# Wordcount - an example how to work with data stored in iRODS

## Imports
- Standard python modules to do file operations and generate timestamps
- Own library of useful functions
- The necessary iRODS modules for connecting to iRODS, Data, Collection and Metadata operations inside of iRODS

In [None]:
import os
import json
import string
import datetime
from collections import Counter
from shutil import rmtree
from pathlib import Path
from helperFunctions import *

from irods.session import iRODSSession
from irods.models import Collection, DataObject, CollectionMeta, DataObjectMeta

## Connecting to iRODS

### Login to Yoda instances
To connect to Yoda you will need an environment file. These files can be found [here (Step 2. Configuring iCommands)](https://www.uu.nl/en/research/yoda/guide-to-yoda/i-am-using-yoda/using-icommands-for-large-datasets). Please adjust the username in the file for your Yoda instance and store that file in your home-directory `~/.irods/irods-environment.json`.
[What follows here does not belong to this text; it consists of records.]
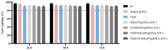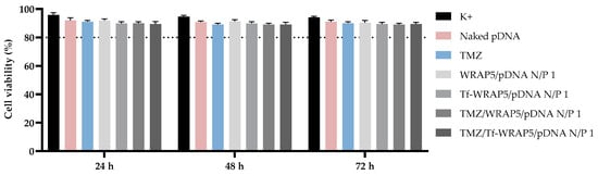 Cellular viability of CTX-TNA2 cells after 24 h, 48 h, and 72 h of transfection mediated by the different peptide/pDNA complexes developed at N/P ratio of 1 (using 1 µg pDNA). Cells not transfected were used as a positive control and cells treated with naked pDNA and TMZ drug were used as controls. Data were obtained from six independent measurements (mean ± SD, n = 6).
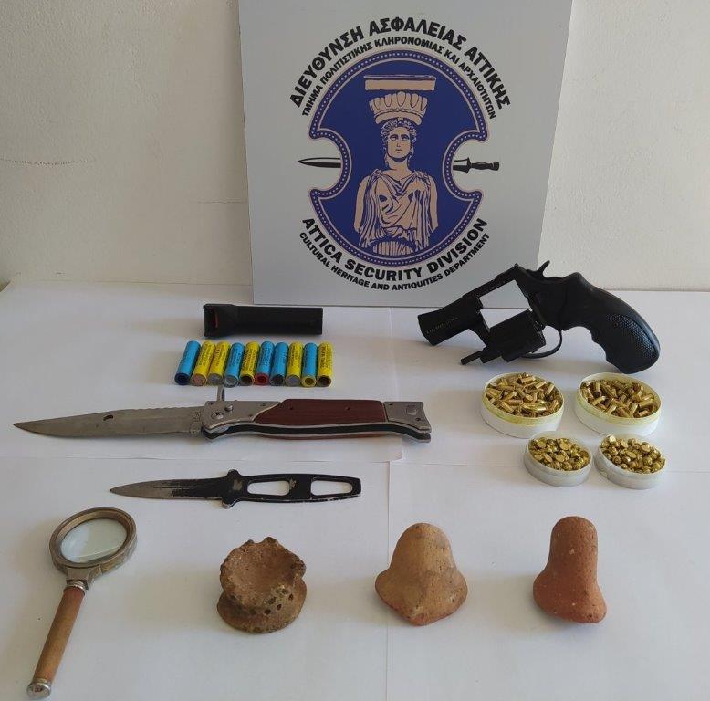 Παράλληλα βρέθηκε ένας ανιχνευτής μετάλλου, ένα περίστροφο εκτόξευσης φωτοβολίδων, πτυσσόμενο μαχαίρι στρατιωτικού τύπου, μεταλλικό μαχαίρι, 378 φυσίγγια κρότου και άλλα αντικείμενα που αποδείκνυαν την παράνομη δραστηριότητά του.
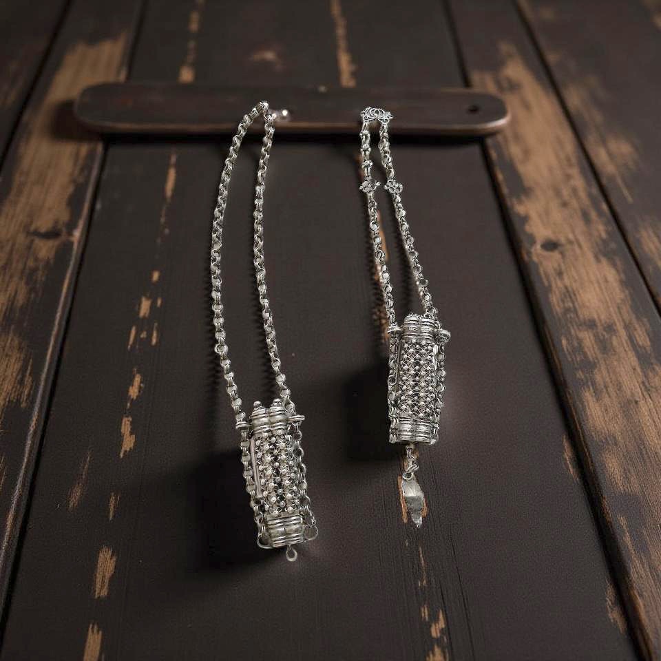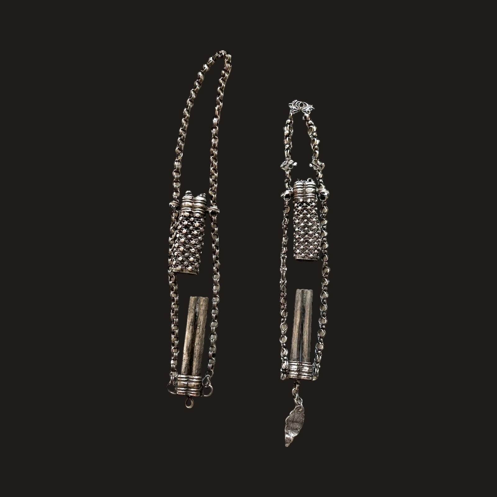 Latticed open-work silver needle cases from the Yunnan's hill people in South Western China. Double-tubed for thick and thin needles, fused together in delicate open work. Worn on the neck or secured to a waist sash.

You will also need a [Data Access Password](https://www.uu.nl/en/research/yoda/using-data-access-passwords). 

**Step 1**:
To connect to Yoda via Python you will need to create an environment file. First create hidden folder called `.irods` in your home directory:

In [None]:
env_dir = str(Path.home()) + '/.irods/'
if not os.path.exists(env_dir):
  os.mkdir(env_dir)
  print("Folder %s created!" % env_dir)
else:
  print("Folder %s already exists" % env_dir)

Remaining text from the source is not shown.